Getting Up and Running with the Arm Mali-450 MP GPU

This article describes how to create a Cycle Model from the Mali RTL for Mali-450 MP GPU using Cycle Model Studio and introduces a bare-metal system built on SoC Designer that consists of the GPU alongside several other components. The article also discusses a Linux-based CPAK containing a Cortex-A15 based system with a Mali-450 GPU, which enables users to integrate the GPU drivers into the Linux Kernel and register the Mali driver while booting Linux on the virtual prototype environment.

Generating the Cycle Model

Requirements for a Cycle Model for Arm Mali-450 include configuration with 4 out of 8 pixel processors enabled, 128k cache size, 2-port 128 data bit AXI master, and with the Power Management Unit (PMU) disabled.

These options are configured in the RTL using `define directives. These can be set using the Verilog specific options within the Compiler Properties provided by Cycle Model Studio. Use the +define+option to specify the desired configuration (M450_4_128K_128B_NOPMU in this case), and the +incdir+option to specify the paths to the directories for the compiler to search for include Verilog files. Only the top-level Verilog file needs to be specified in the Project Explorer after configuring the compiler properties. After the initial setup, a 100% cycle-accurate Cycle Model can be generated.



Generating the SoC Designer Component

The next step is to take the compiled model and integrate it into SoC Designer. Using Cycle Model Studio’s SoC Designer Component Generation wizard, add the transactors that correspond to two 128-bit AMBA AXI Master interfaces, and one APB slave transactor to the Cycle Model before building the final SoC Designer component. The tool automatically suggests potential matches to the related RTL signals once the transactor to be added is selected by the user.


The figure below shows the generated SoC Designer component that corresponds to the GPU with 4 pixel processors enabled, the 128kB cache, and two 128-bit AXI Master ports ready to be integrated into a system on SoC Designer.

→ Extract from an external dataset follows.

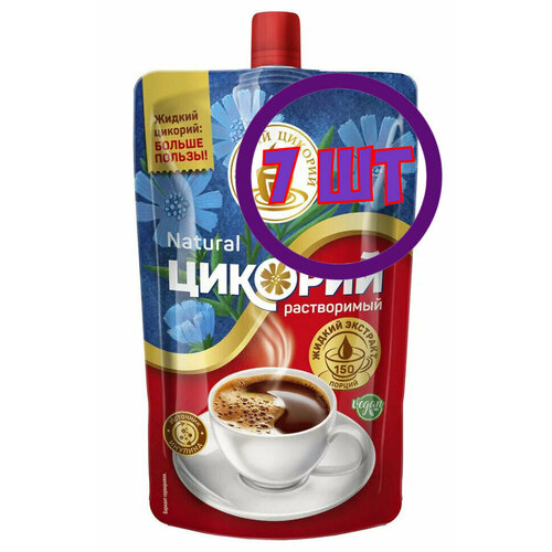 Комплект 7 упаковок. Высококачественный продукт из цикория, прошедший самую минимальную обработку, что позволяет сохранить максимум пользы и аромата цикория. Одной упаковки хватит на 150 чашек готового напитка. Продукт с полувековой историей существования, знакомый со времен СССР и, как следствие, пользующийся стабильным спросом населения.
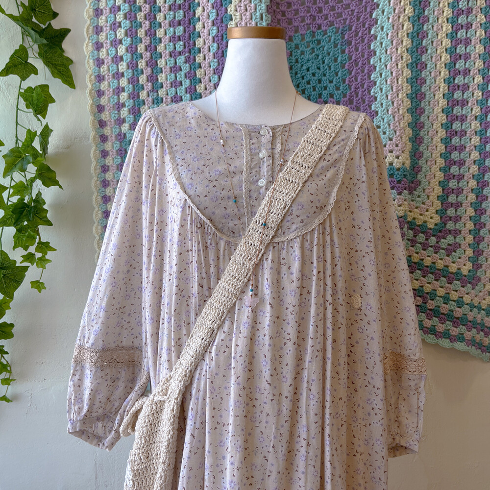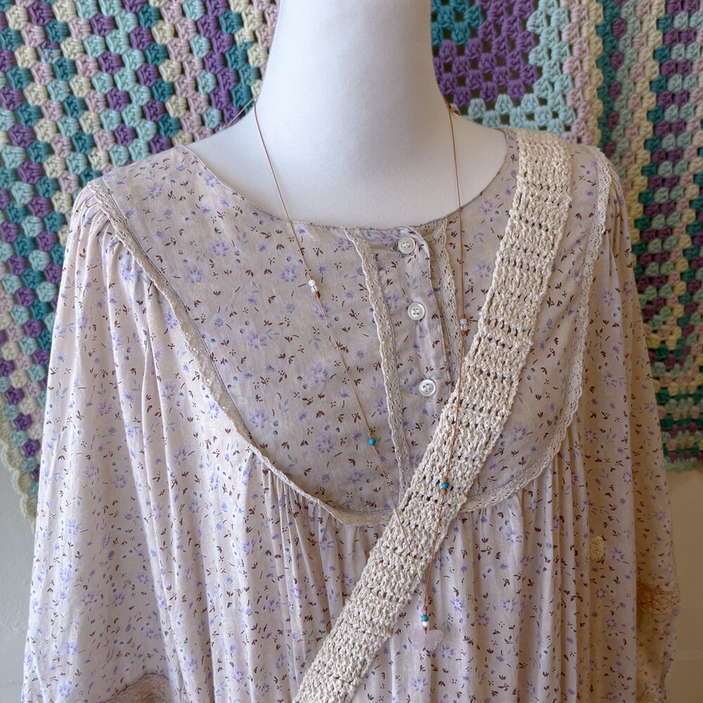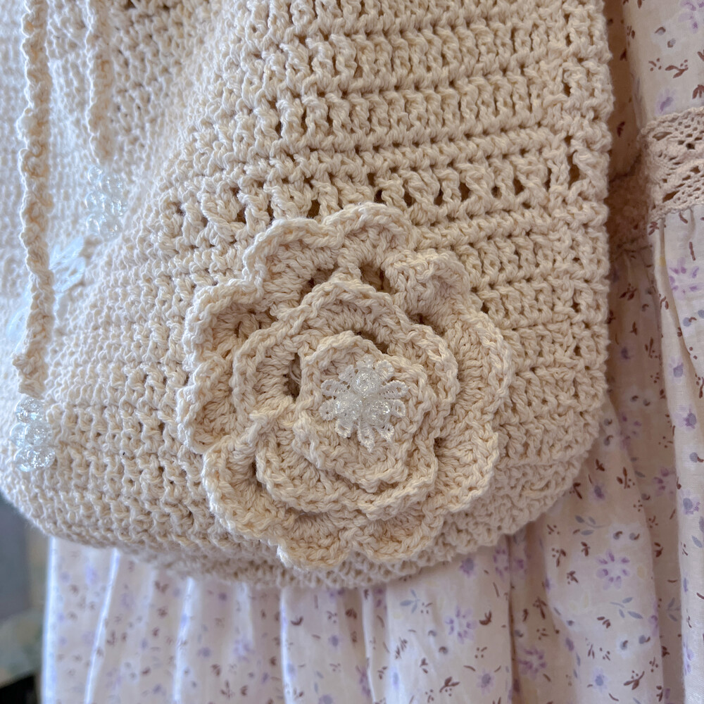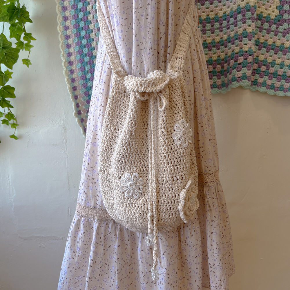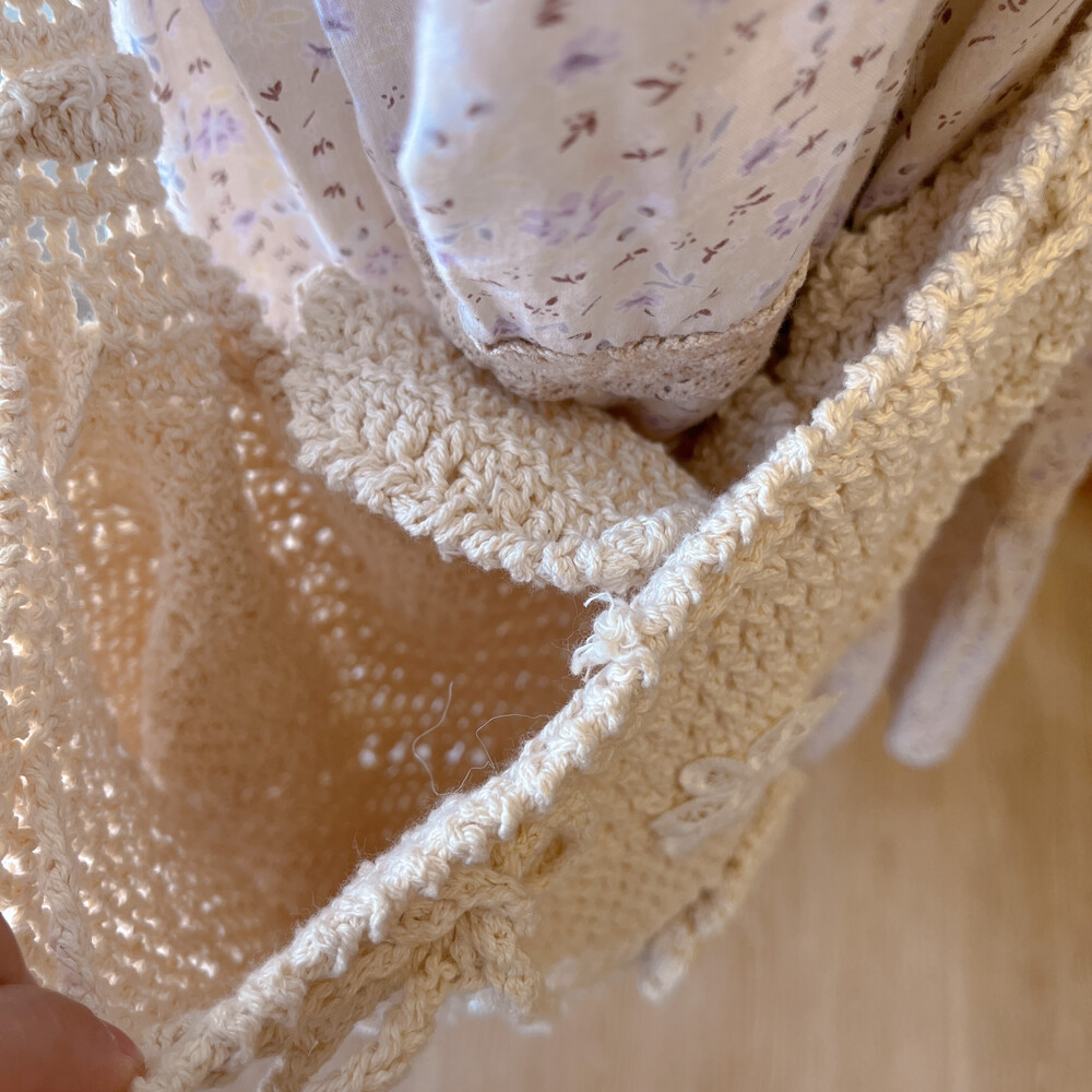 베이지 색감의 크로셰 코튼 크로스백이에요

Arm Mali-450 GPU Bare-Metal System


The Mali-450 bare-metal system is built so that the GPU has two AXI master ports which are used to access shared memory through the interconnect. The Arm Cortex-A15 processor programs the GPU by configuring the internal GPU registers through the interconnect subsystem and the APB3 interface. The GIC-400 is configured to generate interrupts corresponding to each processor internal to the Mali-450 GPU. The UART is used to display characters and in this case, it displays contents of internal GPU registers and test results.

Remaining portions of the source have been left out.